Now that there are 1.5TB 2.5" optane 905p drives...

Why not upgrade the nvme storage server that you have full of the intel 750 SSDs?

SkyHound0202 · March 4, 2019

Well, it could have been Epyc...

...or you can just shell out ten grand to get one of those 1U Intel Ruler SSD storage server.

Andrew Blundon · March 4, 2019

At our office we tried to implement a tiered storage system for a 40 TB server (20x2 TB HDD in Raid 0 - no redundancy) with 4 x 200 GB SSD storage for writing large amounts of data. Unfortunately, we ran into a limitation with the write-back cache size (1 GB). Our cluster of 15 machines each with 2 Xeon E-2690v3 (24 cores per machine) was able to fill that write back cache pretty quickly and therefore the write speed reverted to that of the Raid 0 HDD system. The SSDs were basically useless. I know this is write vs read but we were disappointed with the performance overall. Our newer storage system is 20 TB of 20x1TB SSD Raid-0. Much faster at writing than the older system with the tiered storage. It cost more... but well worth it.

VanBantam · March 4, 2019

Have you thought about using a framework like Apache Ignite? I know you'd have to sort out the same sort of policies regarding data aging and prioritization but it is a scalable solution. Ignite is an in memory data fabric. From what I understand Ignite can work with a distributed file system like HDFS, GPFS (aka Spectrum Scale), etc. Then again 7k for ~8.4 TB of nvme drives sounds less expensive than however many servers you would need to have 8.4 TB of available memory.

I know Ignite is used by a major SaaS provider to serve their MySQL DB in memory for their clients.

Anyways just thought I'd throw it out there.

CajuCLC · March 4, 2019

Let me start by saying I don't have nearly the amount of data you guys have or workload.

But one thing I did was, I am using FreeNAS and I have 2 nvme on RAID 0 where I dump my files from the sd cards. Then I copy the files to my local nvme for editing. I export to nvme locally and then send the exported file to the nvme RAID 0. From there I copy all files to HDD raid 1 I have setup. 2x 10TB disks.

While the files are being copied from nvme to hdd, the speed really doesn't matter much because you are not really using it anymore.
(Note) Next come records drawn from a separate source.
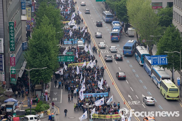 (서울=포커스뉴스) 30일 오후 서울역 광장에서 민주노총 공공운수 전국철도노동조합 회원들이 '철도노동자 1차 총력 결의대회'를 마치고 시내를 행진하고 있다.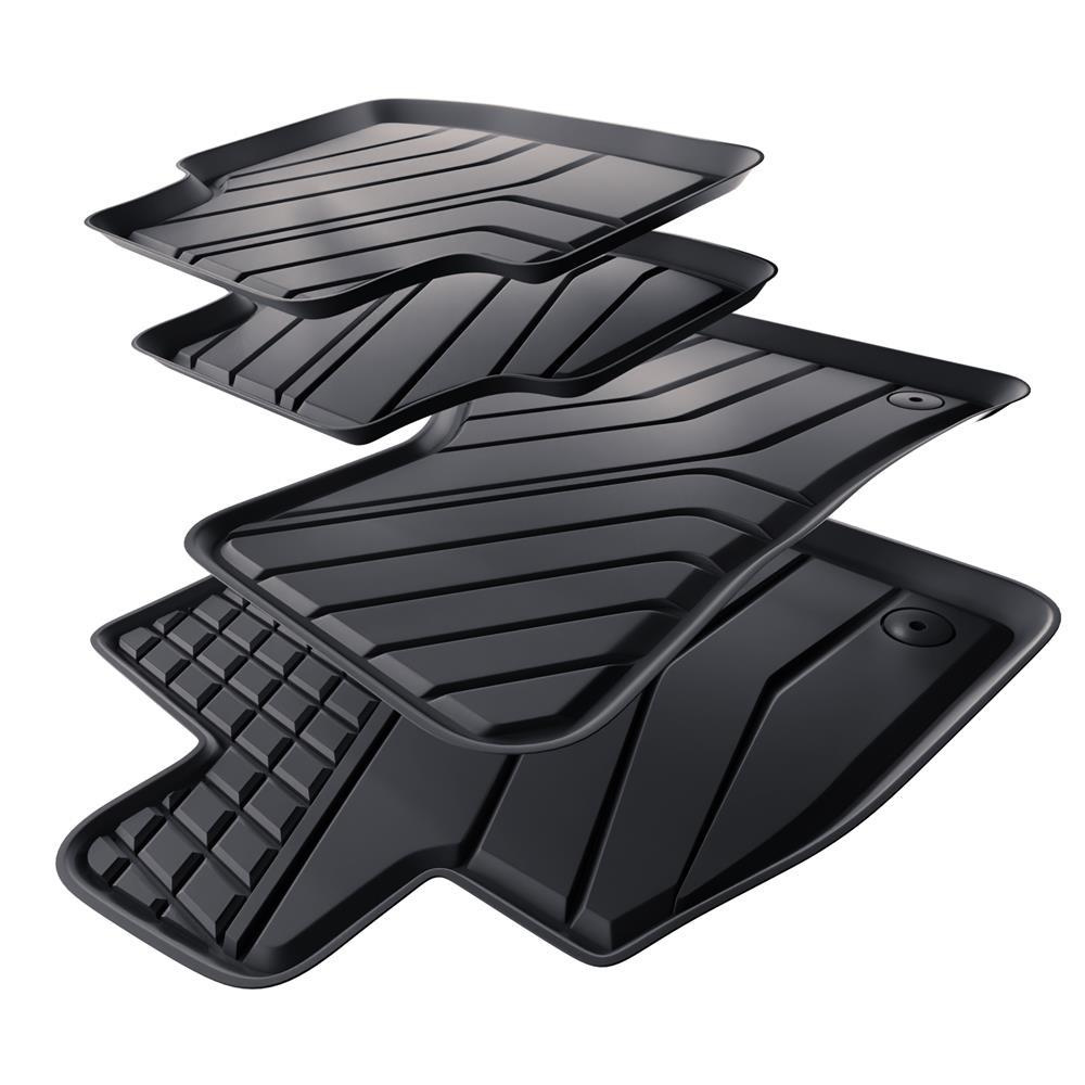 - Covorașele au un design modern, cu un finisaj mat. Fiecare set este personalizat în funcție de modelul și generația mașinii, asigurând o potrivire de 100% cu podeaua vehiculului. Dispozitivele de fixare speciale sunt, de asemenea, incluse dacă sunt prezente în modelul concret de mașină.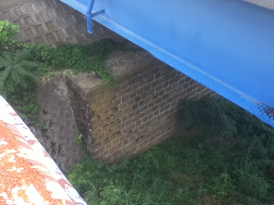 ▼山田川にかかる橋。当時の橋脚の一部が残る。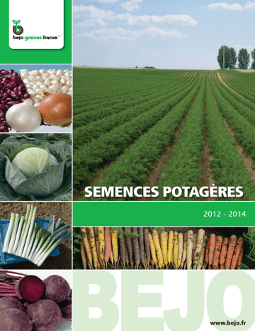 SEMENCES POTAGÈRES 2012 - 2014 www.bejo.fr Journées portes ouvertes Bejo …découvrez notre gamme …visitez nos champs d’essais pour légumes conventionnels et biologiques …apprenez-en davantage sur nos variétés et leur capital génétique unique …découvrez les dernières avancées …découvrez de nouvelles technologies …informez-vous sur les possibilités qu’offrent les nouvelles variétés …discutez des tendances en matière de production et de marketing …participez à notre visite présentant le nettoyage, la manutention et le traitement des semences …apprenez-en davantage sur notre travail de recherche novateur …visitez la vaste exposition de machines Le site des portes ouvertes se situe en face de notre siège de Warmenhuizen, Pays-Bas. Du 27 septembre au 1er octobre 2011 Du 25 septembre au 29 septembre 2012 Du 24 septembre au 28 septembre 2013 Sommaire 2 Equipe commerciale et technique 8 Carottes 3 Les services Bejo Céleris 26 Cornichon Asperges et radis 28 36 Coriandre et persils Epinards Echalotes de semis 12 26 29 4/5 Types et qualité de produits / Programme Bio Chicorées Fenouils 27 30 Oignons et bulbilles d’oignons 37 Jeunes pousses 13 37 Mâches Betteraves 6 16 Choux 27 Navet et Rutabaga Poireaux 34 38/40 Conditions générales de vente « Beauchêne » - 49250 Beaufort en Vallée Tél. 02 41 57 24 58 - Fax 02 41 57 24 05 www.bejo.fr - [email protected] 1 L’équipe commerciale et technique 62 59 80 76 Maxime VIEL [email protected] Port. 06 81 46 44 43 29 Éric GOSSART [email protected] Port. 06 81 46 51 61 Jean-Pierre ISSARTIER [email protected] Port. 06 81 46 33 34 Adrien GUYARD [email protected] Port. 06 81 46 46 45 Franck ALEGRI [email protected] Port. 06 81 46 46 98 Jean-Michel DROUET Responsable des ventes [email protected] Port. 06 89 14 47 57 2 95 78 61 44 92 55 51 93 75 94 91 91 28 53 56 01 - Ain 02 - Aisne 03 - Allier 04 - Alpes de HteProvence 05 - Alpes (Hautes-) 06 - Alpes Maritimes 07 - Ardèche 08 - Ardennes 09 - Ariège 10 - Aube 11 - Aude 12 - Aveyron 13 - Bouches-du-Rhône 14 - Calvados 15 - Cantal 16 - Charente 17 - Charente-Maritime 18 - Cher 19 - Corrèze 2A - Corse-du-Sud 2B - Corse (Haute-) 21 - Côte-d’Or 22 - Côtes-d’Armor 23 - Creuse 24 - Dordogne 25 - Doubs 26 - Drôme 27 - Eure 28 - Eure-et-Loir 29 - Finistère 30 - Gard 31 - Garonne (Haute-) 32 - Gers 33 - Gironde 34 - Hérault 35 - Ille-et-Vilaine 36 - Indre 37 - Indre-et-Loire 38 - Isère 39 - Jura 40 - Landes 41 - Loir-et-Cher 42 - Loire 43 - Loire (Haute-) 44 - Loire-Atlantique 45 - Loiret 46 - Lot 47 - Lot-et-Garonne 48 - Lozère 49 - Maine-et-Loire 50 - Manche 51 - Marne 52 - Marne (Haute-) 53 - Mayenne 54 - Meurthe-et-Moselle 55 - Meuse 56 - Morbihan 57 - Moselle 58 - Nièvre 59 - Nord 60 - Oise 61 - Orne 62 - Pas-de-Calais 27 22 35 Jean-Loup LE JOLY [email protected] Port. 06 29 50 37 79 14 08 02 60 50 77 54 10 72 45 68 21 18 79 25 58 36 86 87 16 39 71 03 17 23 01 42 63 15 33 48 30 81 31 64 65 09 34 26 05 84 04 06 13 83 11 66 63 - Puy-de-Dôme 64 - Pyrénées-Atlantiques 65 - Pyrénées (Hautes-) 66 - Pyrénées-Orientales 67 - Rhin (Bas-) 68 - Rhin (Haut-) 69 - Rhône 70 - Saône (Haute-) 71 - Saône-et-Loire 72 - Sarthe 73 - Savoie 74 - Savoie (Haute-) 75 - Paris (ville de) 76 - Seine-Maritime 77 - Seine-et-Marne 78 - Yvelines 79 - Sèvres (Deux-) 80 - Somme 81 - Tarn 82 - Tarn-et-Garonne 83 - Var 84 - Vaucluse 85 - Vendée 86 - Vienne 87 - Vienne (Haute-) 88 - Vosges 89 - Yonne 90 - Belfort (Territoire de) 91 - Essonne 92 - Hauts-de-Seine 93 - Seine-Saint-Denis 94 - Val-de-Marne 95 - Val-d’Oise 73 12 82 32 38 43 07 46 47 74 69 19 24 40 90 70 37 85 67 88 52 89 41 49 57 2B 2A Service commercial et expéditions Service commercial / Expéditions Lawrence DAUNCEY / Alain EAS Annabelle LEVEQUE / J-Marie MERCIER « Beauchêne » - 49250 Beaufort en Vallée Tél. 02 41 57 24 58 - Fax 02 41 57 24 05 XXXCFKPGStJOGP!CFKPGS www.bejo.fr Madame, Monsieur, Trois années se sont écoulées depuis la parution de notre dernier catalogue de semences potagères conventionnelles. Bejo a mis à profit ce temps pour accroître partout dans le monde l’utilisation des variétés issues de sa recherche et sélection. Une recherche tournée vers vos attentes et celles de vos clients, gagnant chaque année, en qualité et en résultat. A travers les résistances aux maladies ou par l’utilisation de nouvelles techniques de traitements des semences, elle transforme en faits concrets, les lourds investissements engagés pour assurer le haut niveau de qualité de nos produits et leur adaptation à un environnement en pleine mutation. Nous souhaitons répondre ainsi aux besoins d’optimisation de vos productions pour accroître votre compétitivité dans le respect des contraintes environnementales. w w w. b e j o . f r Au même rythme que Bejo accroît son positionnement dans de nombreuses espèces, nous mettons un point d’honneur à dimensionner nos capacités de production en conséquence pour assurer un approvisionnement optimal et pallier aux contraintes de récoltes. Nous réunissons au sein de l’équipe commerciale, les compétences produits et marchés et les partageons avec vous, au plus près du terrain en étant disponibles au moment du choix variétal mais également pendant toute la conduite de la culture. Cette approche locale est complétée par le réseau tissé par Bejo au niveau mondial, véritable atout pour faciliter les mises en relation entre tous les acteurs de la chaine agroalimentaire. Dans l’attente de nos futurs contacts, nous vous souhaitons une agréable découverte de ce catalogue. Bien cordialement, L’équipe commerciale Ces semences sont destinées à des professionnels. Vérifiez que la variété est adaptée à vos conditions d’exploitation. Nous consulter par écrit en cas de doute. Les informations données dans ce catalogue sont indicatives. Ce catalogue est destiné au marché français. Pour toute demande hors du territoire fran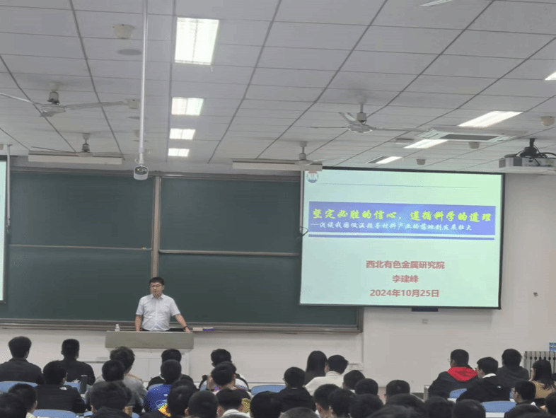 通过回顾超导材料产业从艰难落地到发展壮大的艰辛历程,李建峰总结了超导人敢为人先的探索和创造精神。他勉励同学们在现在的学习和将来的工作生活中,都能以这种勇敢拼搏、不惧险阻的意志力面对挑战,尤其是西工大学子,在面临重大战略任务时,更要勇于承担,为国铸剑!面对取得的丰硕成果,他告诉同学们,只要肯尽心尽力去做一件事,总会得到想要的结果。“勤学习,肯钻研,练就过硬本领,才能担重任;立大志,明大德,心系国之大者,方可成大才!”最后,李建峰向同学们分享了习近平总书记关于青年人成长成才的重要讲话,鼓励大家认真学习,矢志奋斗,努力成长为“专业精、系统强、重实践、能担当”的“总师型”人才,为我国材料科学和制造业高质量发展做出青年一代的贡献。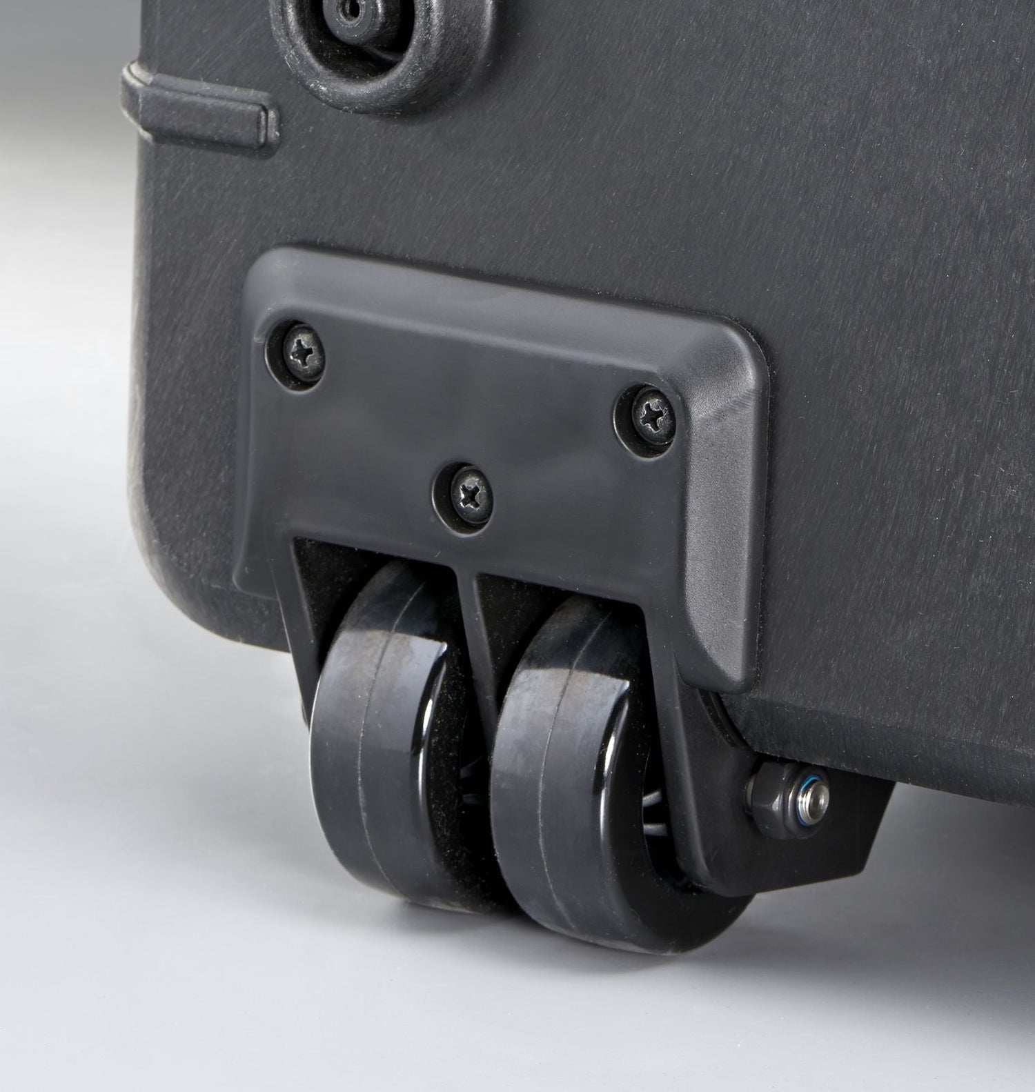 wasser- und staubdichter Koffer in schwarz, leer, mit zwei stabillen Doppel- Leichtlaufrollen und ausklappbarem Trolleygriff.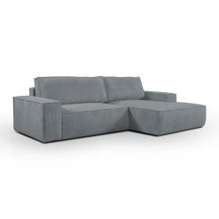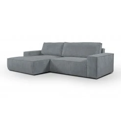 Vente-unique CanapĂ© D’angle Convertible En Velours CĂ´telĂ© Gris AMELIA – Angle Dr…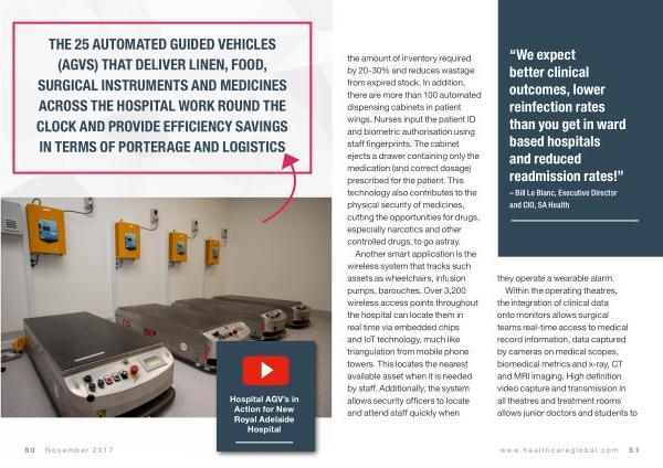 THE 25 AUTOMATED GUIDED VEHICLES ( AGVS ) THAT DELIVER LINEN , FOOD , SURGICAL INSTRUMENTS AND MEDICINES ACROSS THE HOSPITAL WORK ROUND THE CLOCK AND PROVIDE EFFICIENCY SAVINGS IN TERMS OF PORTERAGE AND LOGISTICS Hospital AGV ’ s in Action for New Royal Adelaide Hospital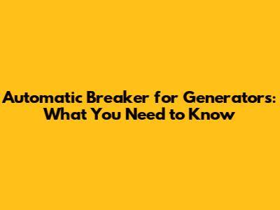 What is an Automatic Breaker for a Generator?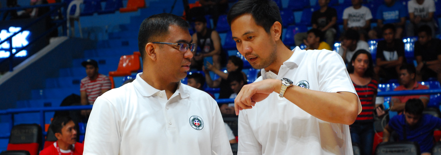 THE 'KID' RETURNS. Former Letran star cager Kerby Raymundo (right) serves as a new addition under the coaching staff of head coach Jeff Napa (left).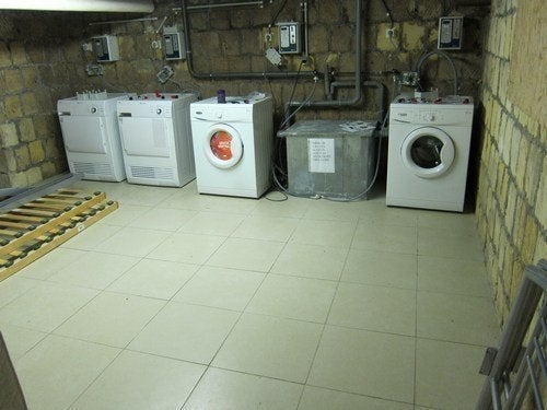 In de kelder bevindt zich een gezamelijke ruimte met een wasmachine en een droger.

At some point I will create some automation for this, but I got the idea from AWS S3. Send in as a tier, then at some point you won't touch that file, so move it to glacier and call it a day.

RobbinM · March 4, 2019

@LinusTech PrimoCache Linus, you know this software. They have a server edition.

Unro · March 4, 2019

Storage tiering works great in Ceph, but it would be an overkill for your use-case tho

netzkata · March 4, 2019

Spending thousand of dollars on storage is always a pain,but quite necessary. Going forward with increased data and complexity it starts to be a big pain to avoid performance issues. At some point it does make sense to invest in some type of tiered storage from any vendor. After using and maintaining HPE 3pars going to the Cisco UCS was the best thing for me as it gets me something that is really easy to manage and say goodbye to most of the the bottleneck issues you might see normally. Sooner is always better as migrations of big data is a great pain in the butt, especially if you have a lot of datastores and VM's.

Hope you find the best fit for you :). Love LTT, hope you do another maintenance video as it was the funniest thing I have ever seen :D

JCHelios · March 4, 2019

I'm sure Linus will get this all sorted, just in time for his employees to convince him to quadruple the number of pixels for the third time.

Tyronialy · March 4, 2019

As I watched this video, a feeling crept on me that approaching this problem with a Windows Server solution is not guaranteed to have full control as you wish for. I'm a Linux server admin and creating a solution as you expressed in the video is pretty straight forward.

You set up your server with high speed low capacity and mechanical drives, for the sake of the argument two nvme SSDs of 1 TB each and 4 HDDs of 10 TB each (and a small SSD for the operating system). You create two file systems, ZFS or BtrFS, one of 2 TB on the nvme SSDs and one of 20 TB mirrored on the HDDs. Both file systems are opened to the network by Samba shares, one for "work flow" and one for archives.

Now you create an archiving / de-archiving script which handles the decision when to move projects around. Let's assume that every project begins with a folder with the projects name with all the files below it. I know that the project will be around 400 GB, but say they are a 10th of the size for this argument.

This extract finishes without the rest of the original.